How to use Kafka Streams to process events from one topic to another?

Introduction to Kafka Streams

Posted by Łukasz Chrząszcz on Tuesday, August 6, 2019

What is Kafka Streams?

We have already discussed a lot about producers and consumers. We know that we can take a consumer, poll for some messages, transform them, and finally publish the result on another topic.

As simple as it sounds it might get boring to write yet another thread that does the fetching, processing, error handling, and again and again. Not only it is cumbersome, but also error-prone.

Is there a better way? I guess the post title already spoiled a little on the topic 😄. Kafka Streams is a better way, as it is a client-side library to move interaction with Kafka to another level. It is useful when you are facing, both a source and a target system of your data being Kafka.

At first sight, you might spot that the definition of processing in Kafka Streams is surprisingly similar to Stream API from Java. You just use fluent API to specify all the maps and joins. What is more, you do not have to care about the error handling of Kafka consumer or producer, as it is already built-in.
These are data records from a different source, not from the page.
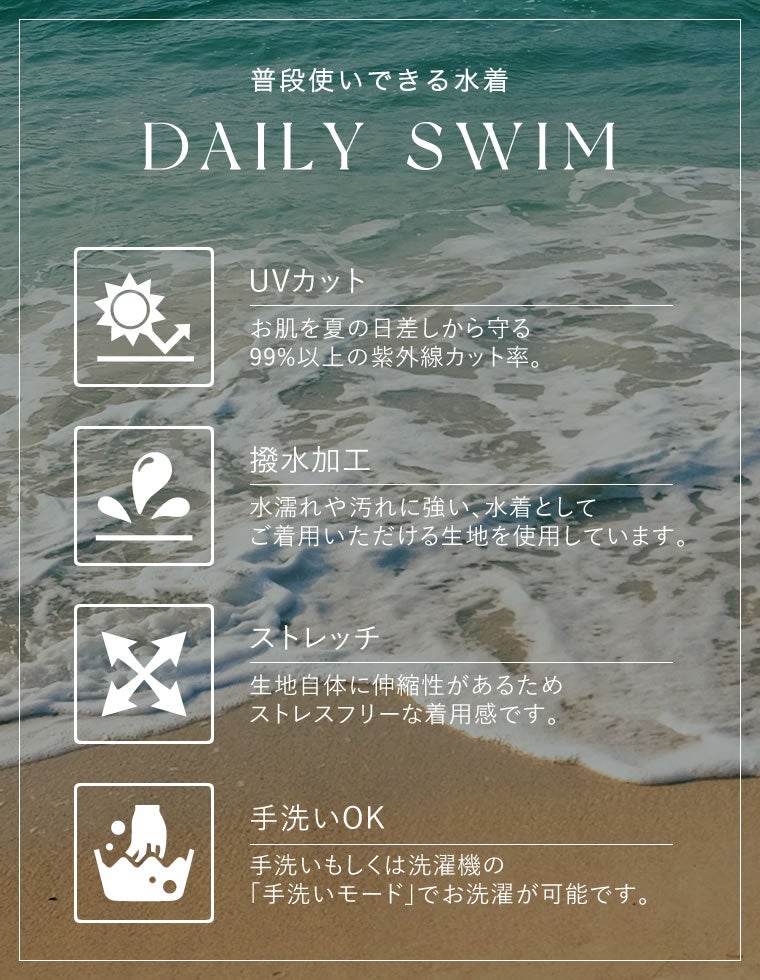 360℃どこから見ても美しく、大人が自信を持って着られる。お洋服を選ぶように、気軽に使えるDAILY SWIMシリーズ。サマーシーズンのお出かけを彩る水着や、旬のラッシュガードに注目です。
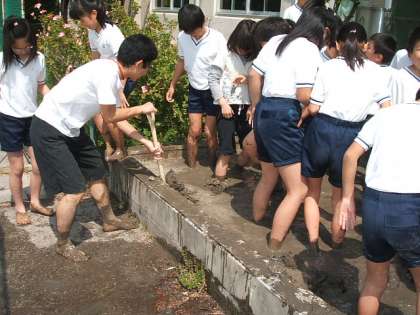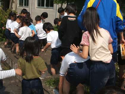 2年生と5年生が力を合わせて,田んぼの土を作っていきました。
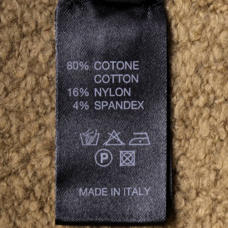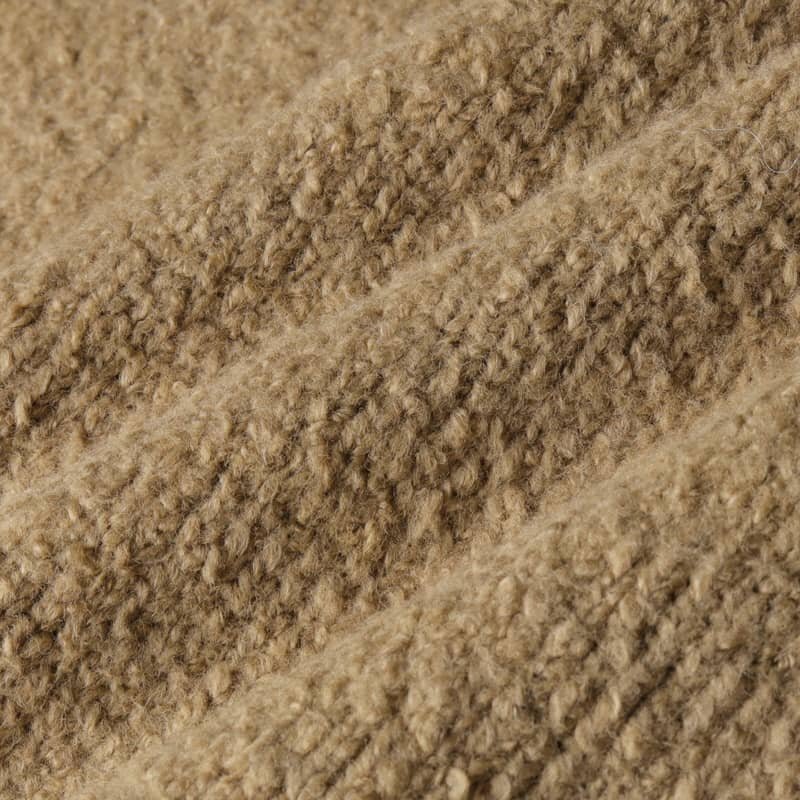 ・コットン、ナイロン、スパンデックスの三者混素材を使用した、フワッとソフトで暖かみのあるブークレ調のミドルゲージニット。
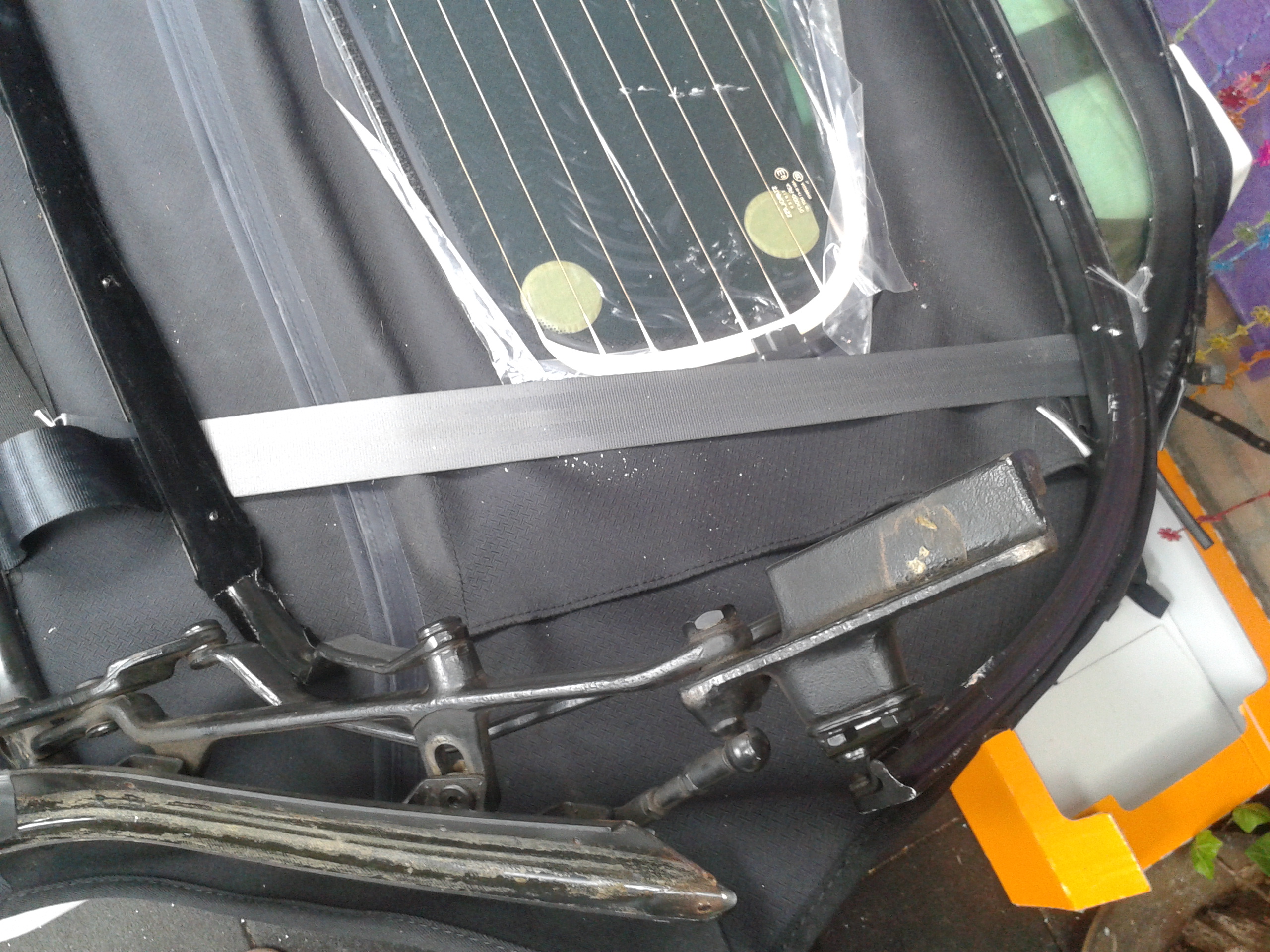 Ja, ist es. Ich habe mir die Verdeckhaut angesehen, alle Nietlöcher sind vorgestanzt, die Schnitte für das Gurtband sind auch schon drin. P-J meint, es wäre etwas einfacher, den Verdeckrahmen auszubauen (sind nur 4 Schrauben), aber es klappt auch im eingebauten Zustand.
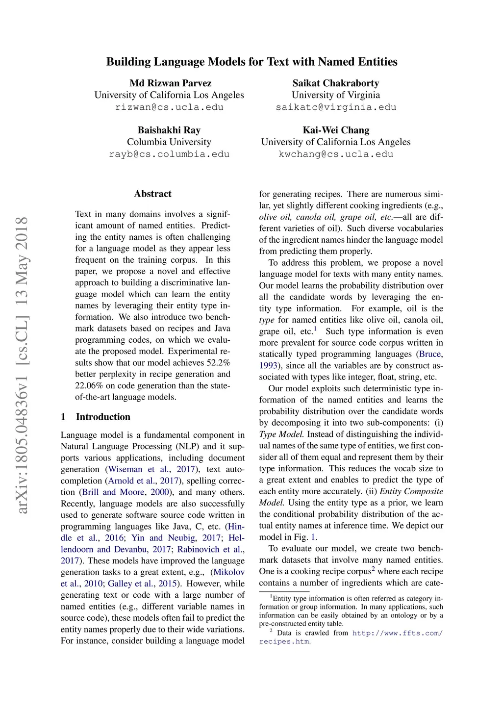 Text in many domains involves a significant amount of named entities. Predict- ing the entity names is often challenging for a language model as they appear less frequent on the training corpus. In this paper, we propose a novel and effective approach to building a discriminative language model which can learn the entity names by leveraging their entity type information. We also introduce two benchmark datasets based on recipes and Java programming codes, on which we evalu- ate the proposed model. Experimental re- sults show that our model achieves 52.2% better perplexity in recipe generation and 22.06% on code generation than the state-of-the-art language models.
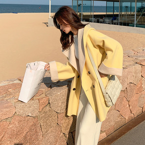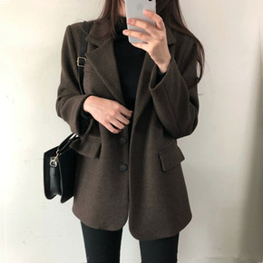 2021冬装新款韩国学院风单排扣加厚保暖西服领休闲...
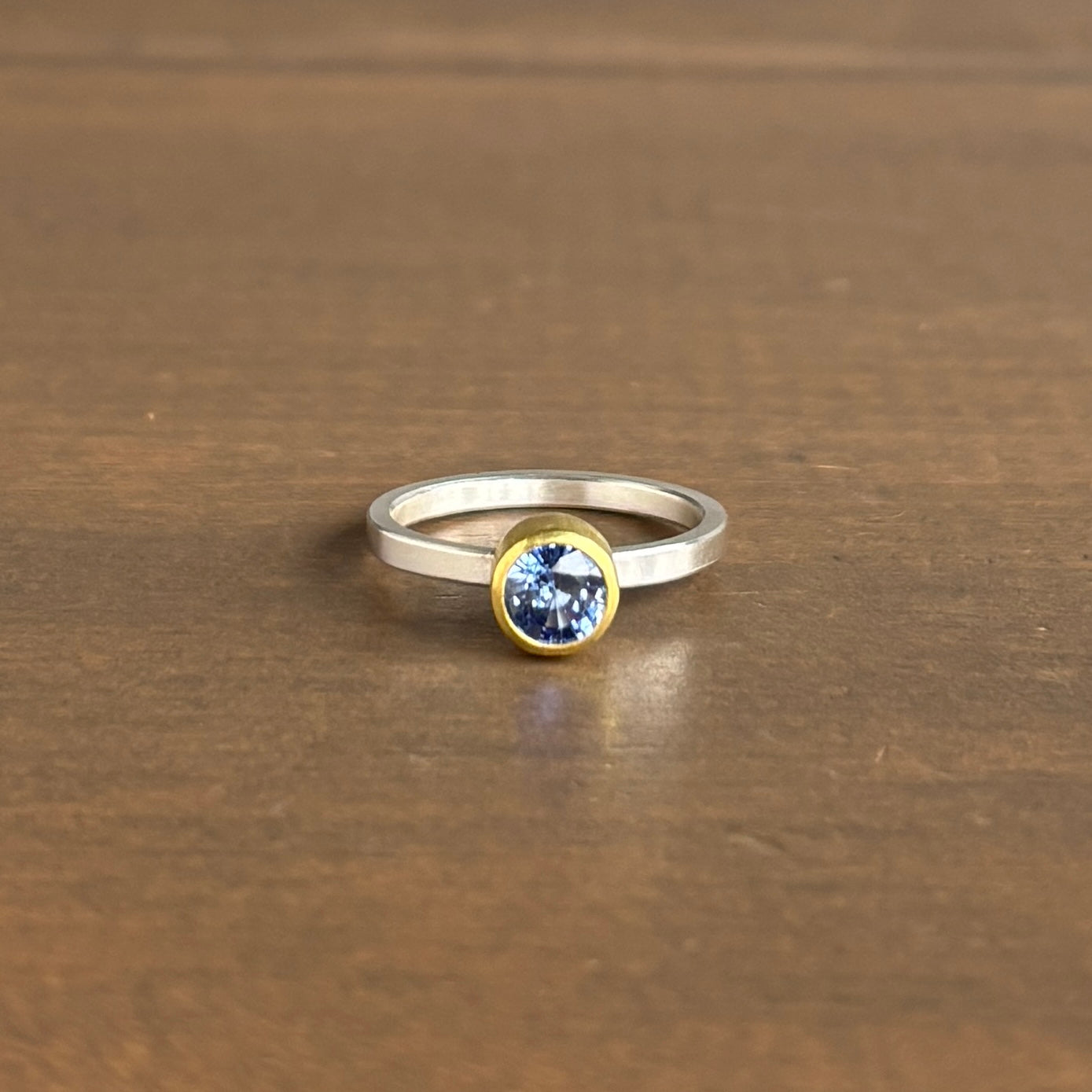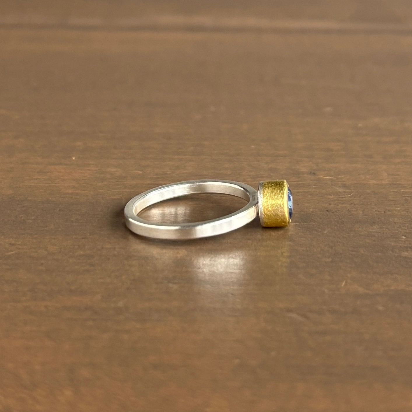 Electric periwinkle blues sparkle and shine from within a vibrant gold setting in this splendid stacking ring.
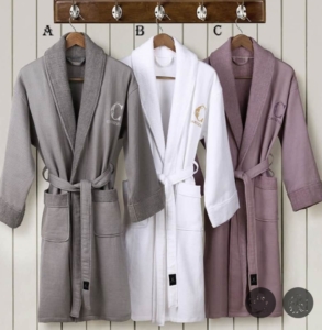 طراحی ساده با کمربند پهن و دو جیب جانبی، مناسب برای استفاده روزمره در خانه یا هتل.
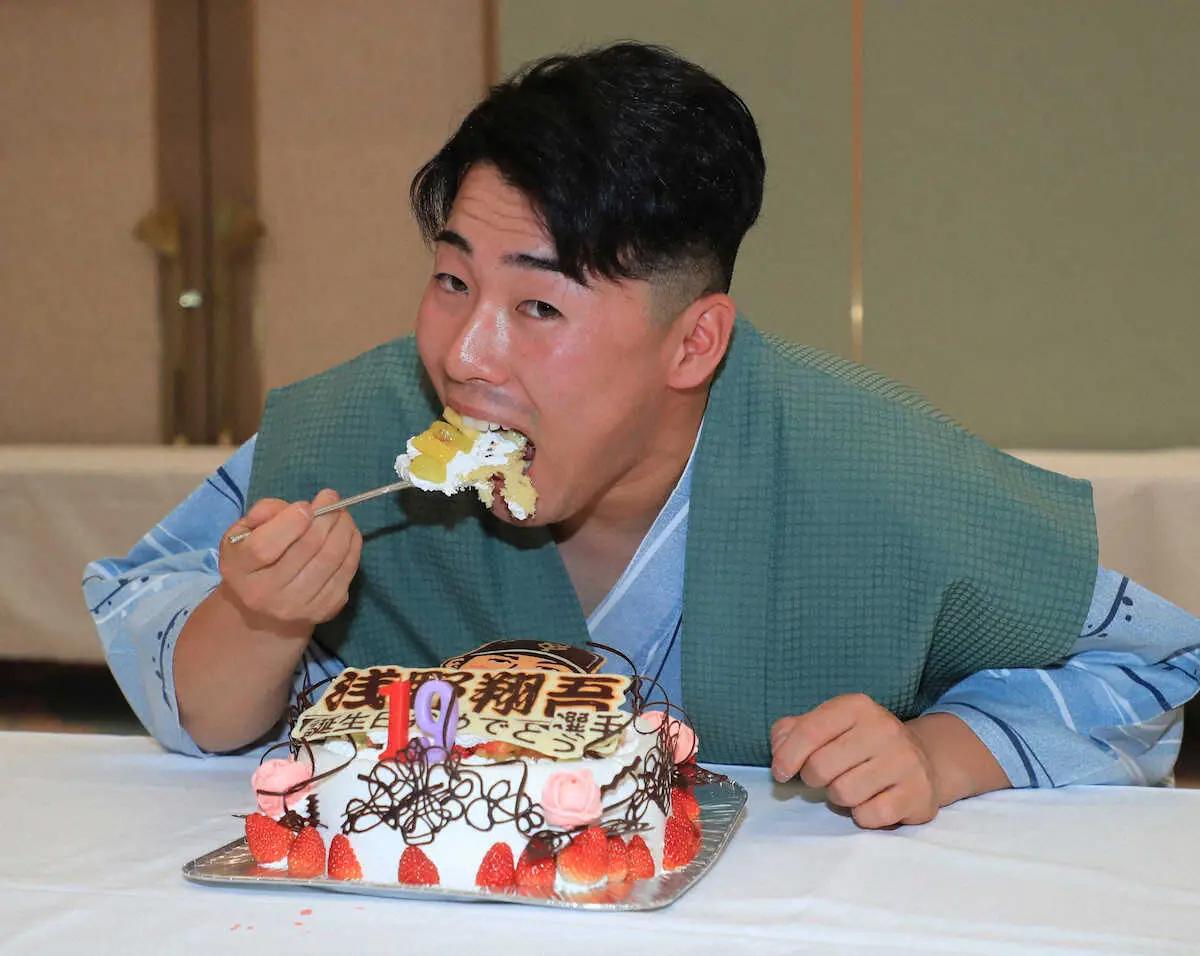 ドラフト1位で入団して1年目を終えた巨人の浅野が19歳の誕生日を迎えた。納会会場のホテルで似顔絵入りの特注ケーキを頬張り「めっちゃおいしいです」と笑顔を見せた。

Although it is a feature-rich library able to group, cache or join incoming events, today we will focus on the internals of a simple example taking messages from one topic and putting them to another one.

Our simple app

The aforementioned example will fetch records from one topic, count a number of characters in each record, and produce the result to another topic. Fairly simple to start messing around with Kafka Streams.

streams-setup

If you want to check the code by yourself please go ahead and clone the repository with the example available on github.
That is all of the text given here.